● Data block:
'''

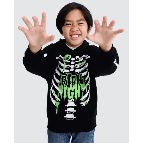 F&F Boys Cotton Rich Fright Night Skeleton Print Hoodie in Black
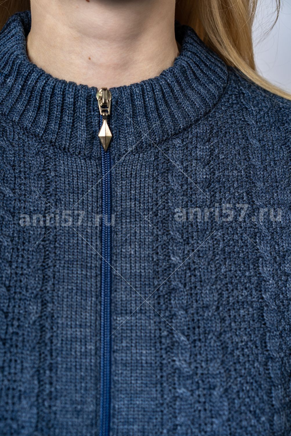 Куртка женская ж0575 стойка. Куртка из вязаного фактурного полотна с центральной застежкой на тесьму "молния". Рукав втачной, прямой. Низ изделия, низ рукава на "резинке". Горловина - стойка. Состав: 30% Шерсть, 70% ПАН.
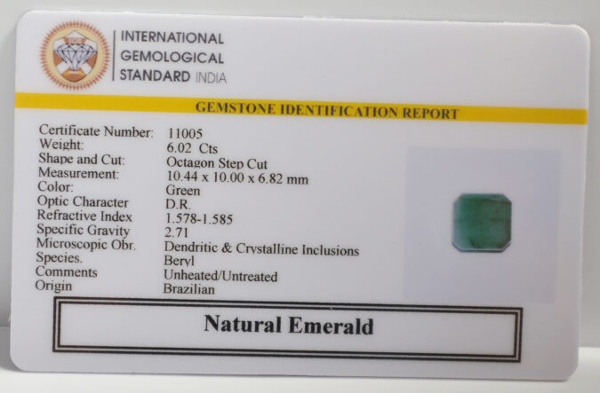 Beautiful 6.02 Cts Natural Emerald (Very Good-Mines) sva 6+ Ratti EMERALD. Free Horoscope & Free Pundit Ji Astrological Advise / Consultation. Original Natural Lab certified gems by IGI GTL / Birth stones / Large Gem Selection of shree shubh Rashi Ratan Vedic dhan at Gem Mines. May Bhagwan Brahma, Vishnu, Shiv & Universe bless you.
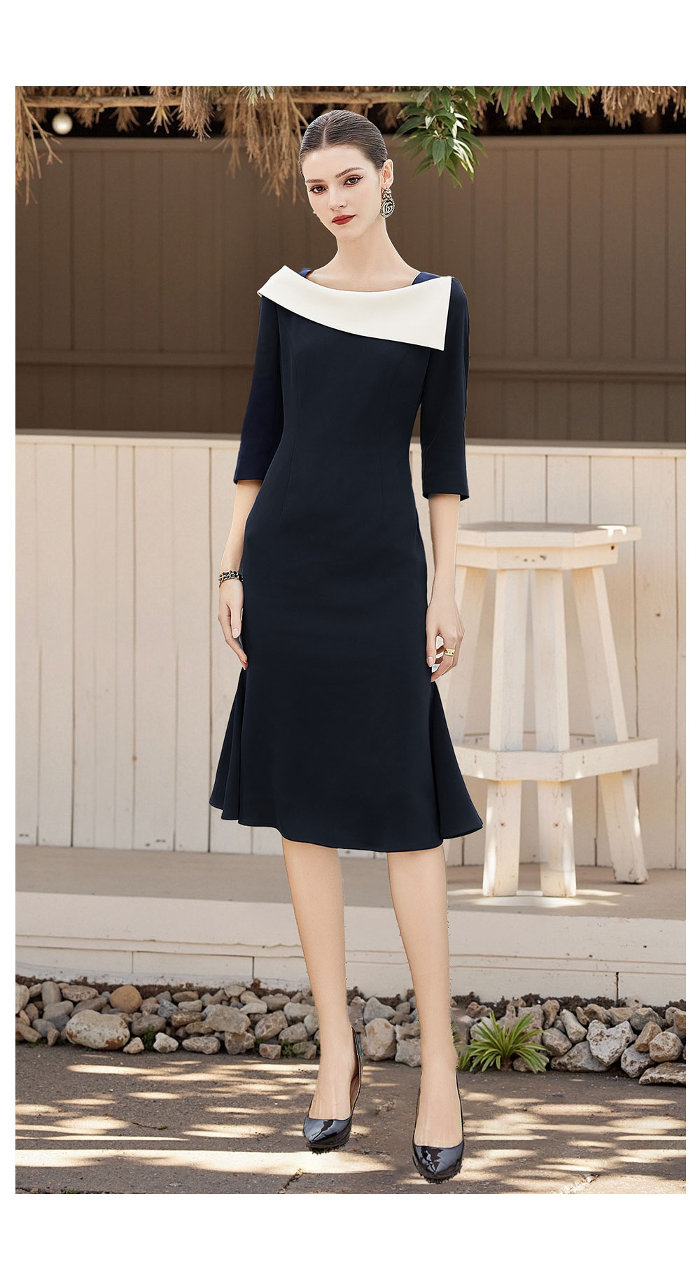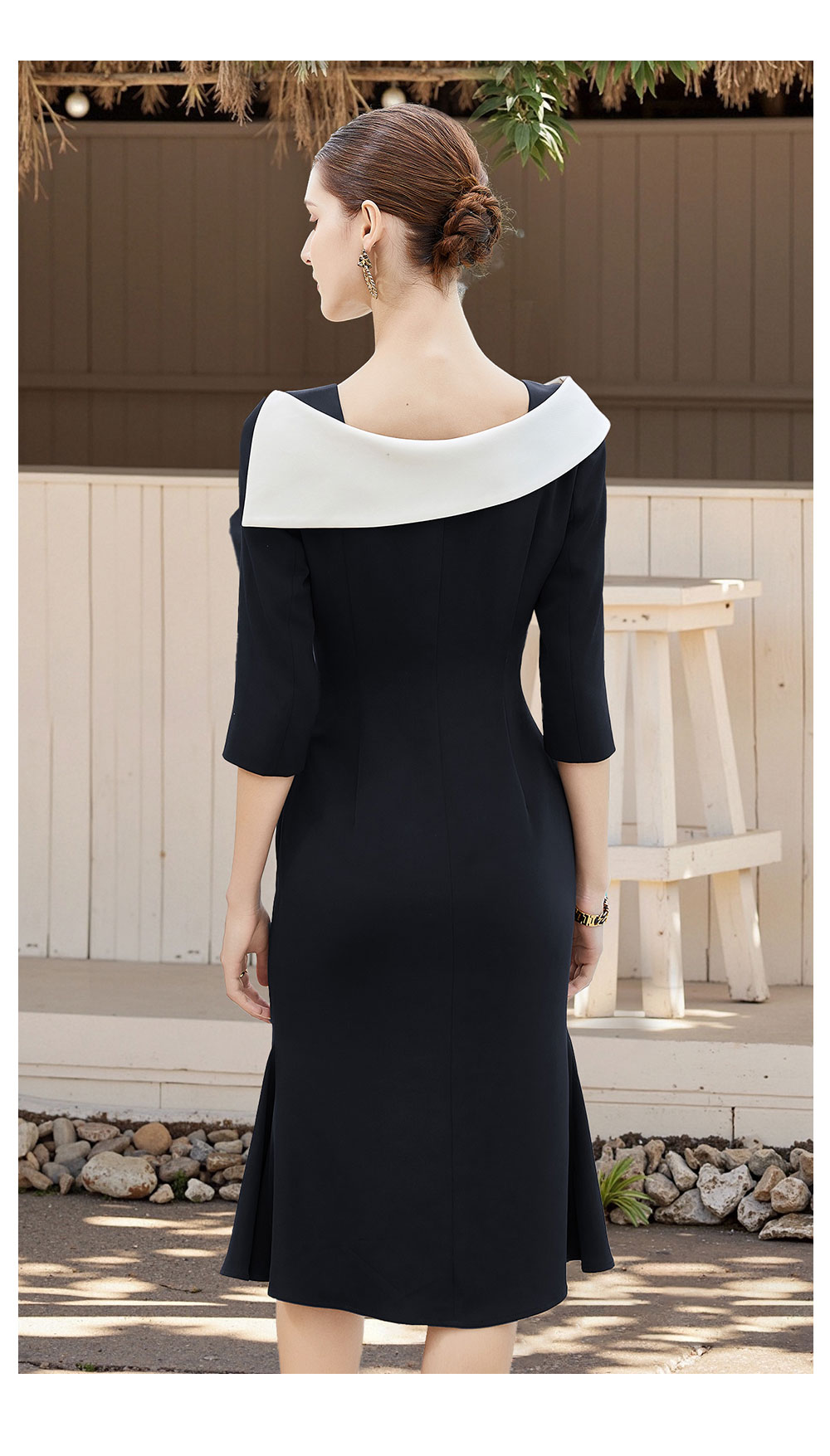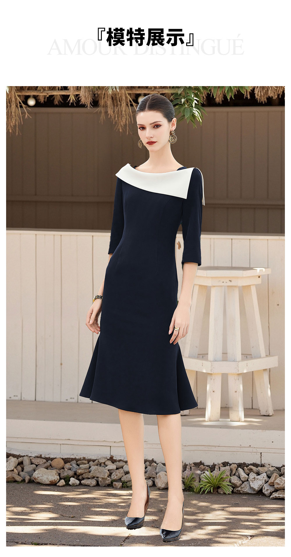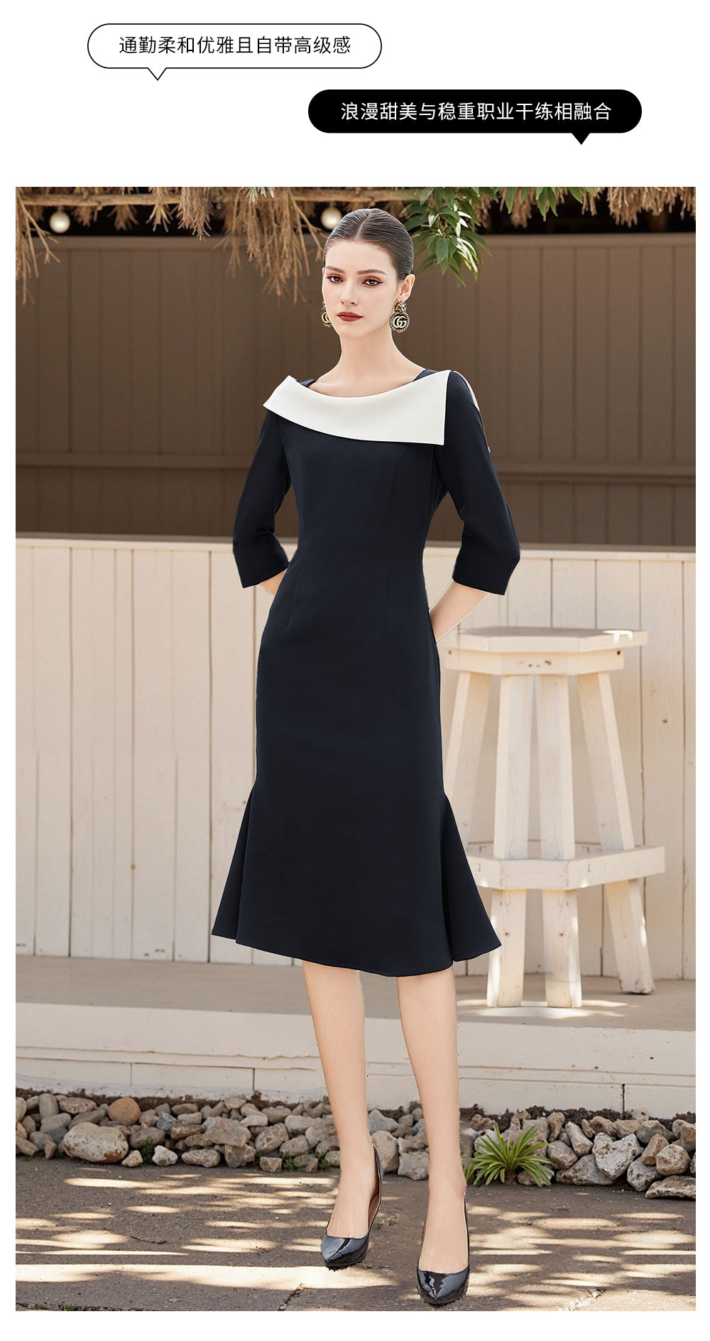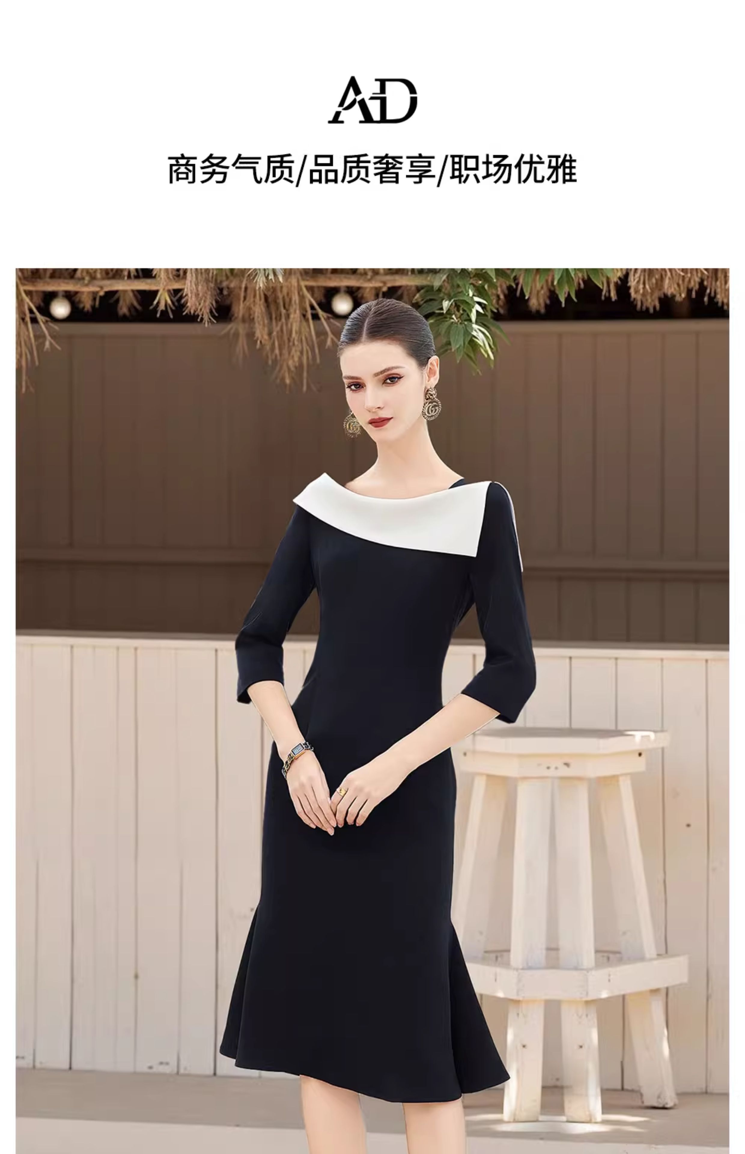 AD法式赫本黑色西装连衣裙女设计感名媛职业裙宴会主持小礼服鱼尾

'''

● Brief:
The reply should consist only of the lines from the top of the material above through the line with "Куртка женская ж0575", printed exactly, pictures omitted.

● Reply to the exercise:
 F&F Boys Cotton Rich Fright Night Skeleton Print Hoodie in Black
 Куртка женская ж0575 стойка. Куртка из вязаного фактурного полотна с центральной застежкой на тесьму "молния". Рукав втачной, прямой. Низ изделия, низ рукава на "резинке". Горловина - стойка. Состав: 30% Шерсть, 70% ПАН.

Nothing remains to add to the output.